Resurrection of the Heart (The Society Trilogy 3)
Before coming down to breakfast I’d walked past my old room. It’s cleaned up, more of a guest room now, the dark panels still there but open. The bed made to welcome someone new. The mask in its glass case gone. The rosary he’d made me wear since our wedding night not on the nightstand where I’d last left it but gone. I’d stood outside the door and thought about how much time I’d spent in there. How easy it would be for him to just put me back in, lock the door and forget all about me.
Trust.
He wants me to trust him.
I blink, my eyes focusing on his, something in my stomach fluttering when he smiles as if trying to draw the same from me, and I remember something else about last night. Something else she said.
That he could never love me because of what my father had done to him. To their family.
“I want to see my father,” I say.
His expression changes. Darkens.
“You want me to trust you, but all I seem to do is give, and all you seem to do is take.”
“That’s neither right nor fair, and you know it.” His voice is harder.
“Yes, you’ve come through on my sister. And I’m grateful for that. I’m grateful that we, you and I together, will have guardianship of her.”
He doesn’t say anything.
“That’s right, isn’t it? You and me together will have guardianship. Not just you.”
“No, not just me. That’s correct. Would you like to see the paperwork so you believe me?” His words are clipped.
I shake my head. “I understand about Hazel. About it being dangerous for her and maybe even for you to be keeping her location a secret from The Society. I don’t understand why I can’t have a cell phone or access to a phone and at least call her, though.”
He doesn’t say anything at that.
“And I’m willing to let that go. For now. But you have to give me something, too. In addition to Evangeline. I want to see my father. I want to see him today.” I don’t ask it. I don’t say please. Because what I want is not extraordinary. It’s not some ridiculous request. He’s in a Society hospital. He’ll be guarded. I will be too. No chance of Abel or anyone else getting to me. No risk to my safety. “You can take me, Santiago. I want you to take me.”

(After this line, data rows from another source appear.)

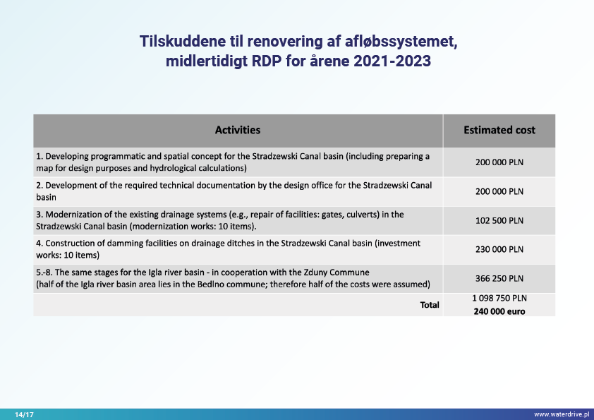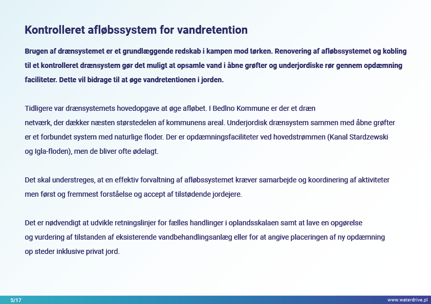 Området Kutno County er et vigtigt landbrugsproduktionsområde i Lodz-provinsen (Polen), som blev hårdt ramt af tørke i 2018 og 2019. Renovering af drænsystemet og overgang til et kontrolleret/dobbeltfunktionsdræningssystem er en væsentlig foranstaltning i kampen mod tørken.
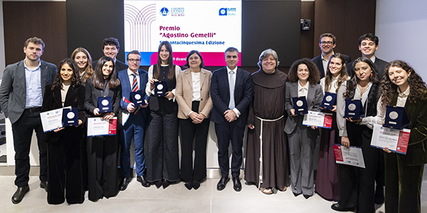 • ASSOCIATIONS | MILAN | DECEMBER 9, 2024 64th Prize "Agostino Gemelli" The best graduates of each Faculty received the "Agostino Gemelli" Prize promoted by the Ludovico Necchi Association. During the ceremony, in the presence of the Rector, the Deans, the Speakers and the families of the winners, the Prize of the publishing house Vita e Pensiero and the Realmonte Association were also awarded. Find out more
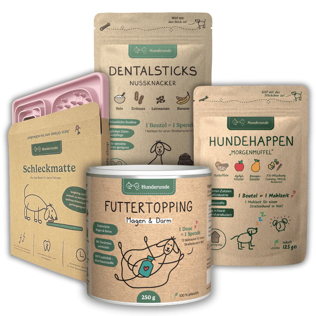 Vom Magen & Darm Topping über die pflanzlichen Snacks bis hin zur Schleckmatte – alles, was du brauchst, um die Gesundheit deines Hundes zu fördern, ist in einem Set vereint. Dabei sparst du nicht nur Geld, sondern auch Zeit, da alle Produkte perfekt aufeinander abgestimmt sind.
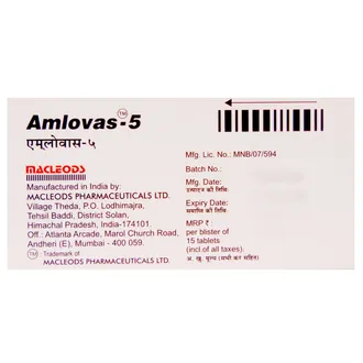Amlovas 5 Tablet is a prescription medicine that contains amlodipine, a calcium channel blocker widely used in the treatment of high blood pressure and certain heart conditions. By relaxing and widening the blood vessels, it allows smoother blood flow and reduces the pressure on the heart. This helps in lowering blood pressure, preventing complications like stroke, heart attack, and kidney damage. It is also effective in managing angina, a condition that causes chest pain due to reduced blood supply to the heart muscles, thereby improving the ability to exercise and reducing the frequency of pain episodes. Amlovas 5 Tablet is a commonly prescribed strength suitable for most patients requiring moderate blood pressure control. Taking this medicine regularly not only lowers blood pressure but also improves cardiovascular health and reduces the workload of the heart. It should always be used under medical guidance, and treatment should not be stopped suddenly without consulting the doctor.
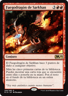 | Rules | Sarkhan's Dragonfire deals 3 damage to any target. Look at the top five cards of your library. You may reveal a red card from among them and put it into your hand. Put the rest on the bottom of your library in a random order. |
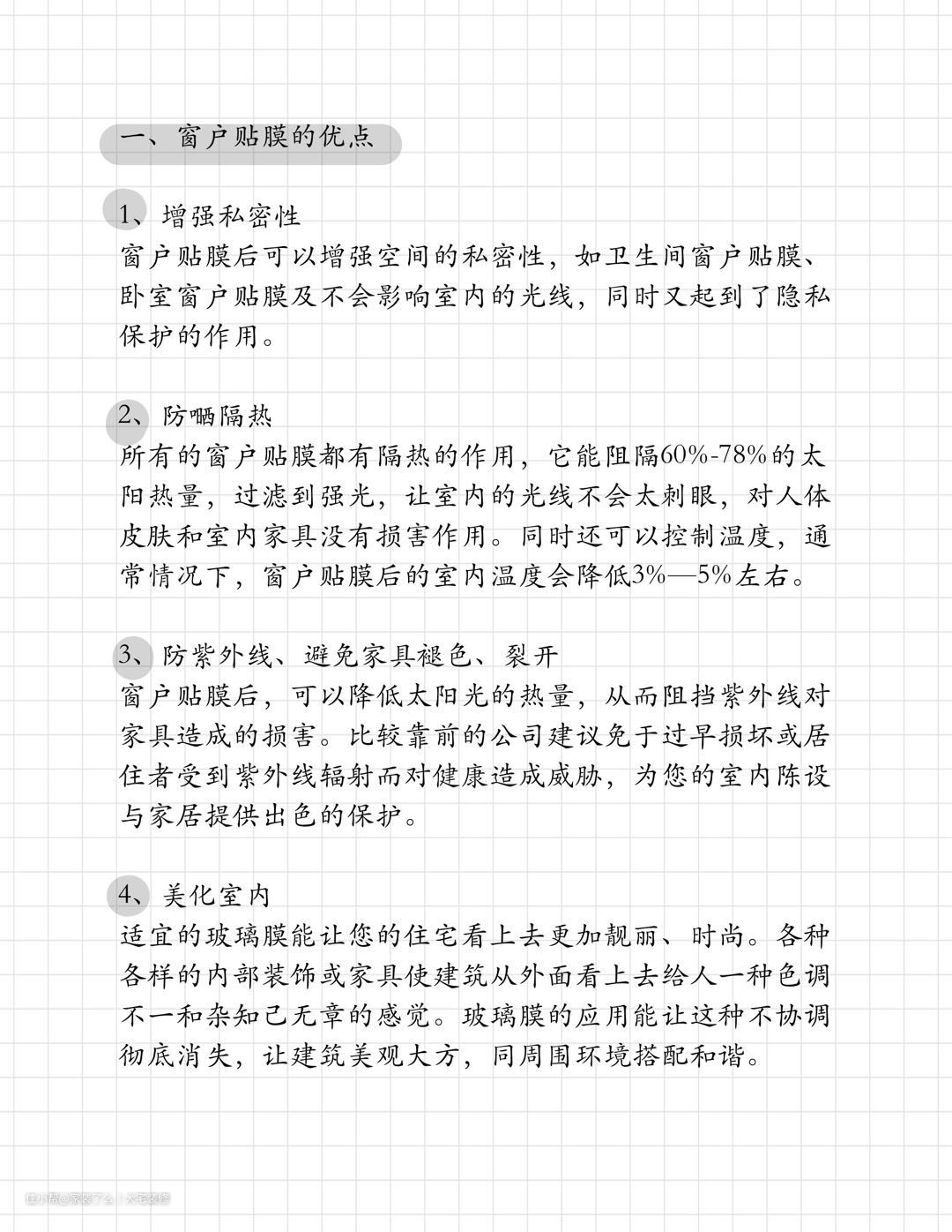 室内窗户贴膜有隔热、抗紫外线的作用,对于我们的家居生活提供了很大的方便,随着窗户贴膜款式的多样化。

He studies me for a very long moment, and I watch how his left eye narrows, see the tic in his jaw, and I’m sure he’s going to say no, and then I won’t know what to do. What my next move will be. But he surprises me when he nods.
“You eat something, and I’ll take you to see your father.”
I almost don’t believe him, and he must see that because he turns me around puts a hand on the back of my chair, and gestures for me to sit back down. So, I sit, and I let him make a fresh plate of eggs and toast from the sideboard, and he sits down too and watches me eat.
“My sister is jealous,” he says once I’ve finished and set my napkin down after wiping my mouth. “It’s ugly on her. On anyone. But she’ll come around.”
“No, she won’t, Santiago. And you’ll have to keep choosing, and I’m just afraid the day will come when you choose her, and I’m back in my room or banished to wherever, and I don’t think I can survive that. Especially now that there’s more at stake than just me and you.” My throat tightens as I say the words, but I swallow them down.
“Ivy—”
I stand. “I’m ready.”
15
Ivy
I realize my father was in the same building as me when I was brought here after the aspirin incident. He was just a few floors above me kept behind secured doors not accessible by anyone without a reason for being there and with an additional guard at his door.
“He was here all along?”
Santiago nods as he guides me down to the last room.
“Why didn’t you tell me?”
“You didn’t ask.”
“Would you have?”
“I haven’t lied to you, Ivy. Not once.”
Is that true? I’m taken aback. Confused.
We stop a few feet from the door, and he turns to face me, backing me into the wall. “Like I told your sister, you may not like what I have to say, but I won’t lie to you.”
He dips his head down, so his forehead is touching mine. His eyes travel to the pendant hanging at the hollow between my collarbones, and he touches it, then takes my left hand to finger the rings there, the salt and pepper engagement ring, the wedding band. He shifts his gaze back to mine.
“I am trying, Ivy.”
I reach up, I can’t help it, but I stop myself before I touch his face. Instead, I smooth his shirt down—he changed before we left for the hospital, showering and putting on fresh clothes—and when I do, I realize my hand is resting over his heart, and for a moment, I keep it there and just feel it beat.